This sampler was worked in 1828 [or 1825] by Ann E. Kelly at the Harrisburg, Pennsylvania, school of Leah Maguire. The central scene is either biblical or classical, and was undoubtedly inspired by a yet to be identified print source. It depicts a woman holding a long garland of flowers who appears to making a burnt offering to a deity. At her feet is a pitcher, and beside her is a pedestal on which sits a smoking vessel. The sampler’s border is made up of compartmentalized motifs, including flowers, birds, sheep, sheaves of wheat, a basket of fruit or flowers, a scene with a house and tree, and an inscription.

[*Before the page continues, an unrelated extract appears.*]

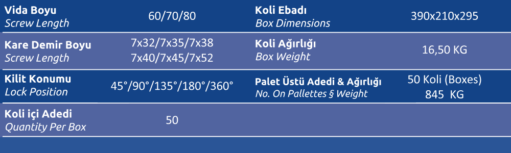 Kilit Konumu (Lock Position) 45° / 90° / 135° / 180°/ 360°

Anne E. Kelly’s work is part of a group of related samplers produced in Lancaster, York, and Dauphin counties between 1797 and 1838. These striking works probably originated under the instruction of Leah Galligher (later Maguire), who was born Leah Bratten in 1764 near Wilmington, Delaware. Leah married schoolmaster Francis Galligher in 1791, and in 1797 she opened a girls’ school in Lancaster. Early samplers naming Mrs. Galligher’s school feature borders of compartmentalized designs encircling inscriptions and alphabets. A sampler depicting a woman holding a garland, worked in 1800 by Dolly Sheller (1791–1867) and now in a private collection, is a precursor to the pictorial style that Leah would later develop. In 1802, after initiating a bitter and public divorce from her husband, Leah relocated to Harrisburg. There she continued her needlework instruction, marrying shoemaker Isaac Maguire in 1805. It was in Harrisburg that Leah fully developed the sampler pattern that would be imitated throughout the area by instructresses like Catherine Welshans Buchanan (1792–1852). Elements of these later works included pastoral scenes, borders of compartmentalized decoration, and the use of paint, human hair, and metallic thread. Ann E. Kelly’s sampler is one of the latest to name Mrs. Maguire, who died in 1830. Related samplers from Mrs. Maguire’s school, worked by Rachel Geiger in 1806 (private collection), by Elizabeth Finney in 1807 (private collection), and by Catharine Boas in 1812 (location unknown), also feature pictorial scenes and borders of decorative motifs enclosed in squares.
Ann E. Kelly was born in Halifax, Pennsylvania, on April 20, 1814. She was the daughter of Patricius Kelly and Nancy Gervy. Ann’s family was Catholic, and she was baptized Conewago Chapel in Adams County. Given the Kellys’ surname and religion, it is possible that they had emigrated from Ireland.